Extracted entries –
== Segment start ==

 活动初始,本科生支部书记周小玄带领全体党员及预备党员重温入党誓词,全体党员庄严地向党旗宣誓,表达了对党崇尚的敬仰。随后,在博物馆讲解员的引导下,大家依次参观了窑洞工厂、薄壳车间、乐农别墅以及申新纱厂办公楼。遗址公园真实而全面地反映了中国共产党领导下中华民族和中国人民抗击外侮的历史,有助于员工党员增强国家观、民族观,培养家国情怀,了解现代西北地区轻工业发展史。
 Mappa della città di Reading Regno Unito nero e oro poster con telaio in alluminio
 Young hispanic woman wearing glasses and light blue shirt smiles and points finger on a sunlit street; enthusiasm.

== Segment end ==
== Segment start ==

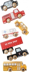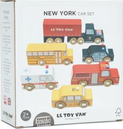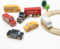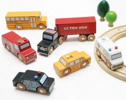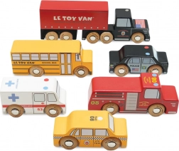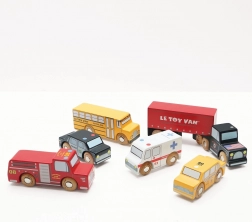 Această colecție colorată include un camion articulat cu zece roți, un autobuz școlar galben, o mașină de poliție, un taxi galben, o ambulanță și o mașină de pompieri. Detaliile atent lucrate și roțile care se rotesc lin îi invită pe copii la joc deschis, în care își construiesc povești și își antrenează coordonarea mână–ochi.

== Segment end ==

What you should do – An exact copy of the lines above between the line holding "活动初始,本科生支部书记周小" and the line holding "Young hispanic woman", inclusive, is the whole answer.

Task solution –
 活动初始,本科生支部书记周小玄带领全体党员及预备党员重温入党誓词,全体党员庄严地向党旗宣誓,表达了对党崇尚的敬仰。随后,在博物馆讲解员的引导下,大家依次参观了窑洞工厂、薄壳车间、乐农别墅以及申新纱厂办公楼。遗址公园真实而全面地反映了中国共产党领导下中华民族和中国人民抗击外侮的历史,有助于员工党员增强国家观、民族观,培养家国情怀,了解现代西北地区轻工业发展史。
 Mappa della città di Reading Regno Unito nero e oro poster con telaio in alluminio
 Young hispanic woman wearing glasses and light blue shirt smiles and points finger on a sunlit street; enthusiasm.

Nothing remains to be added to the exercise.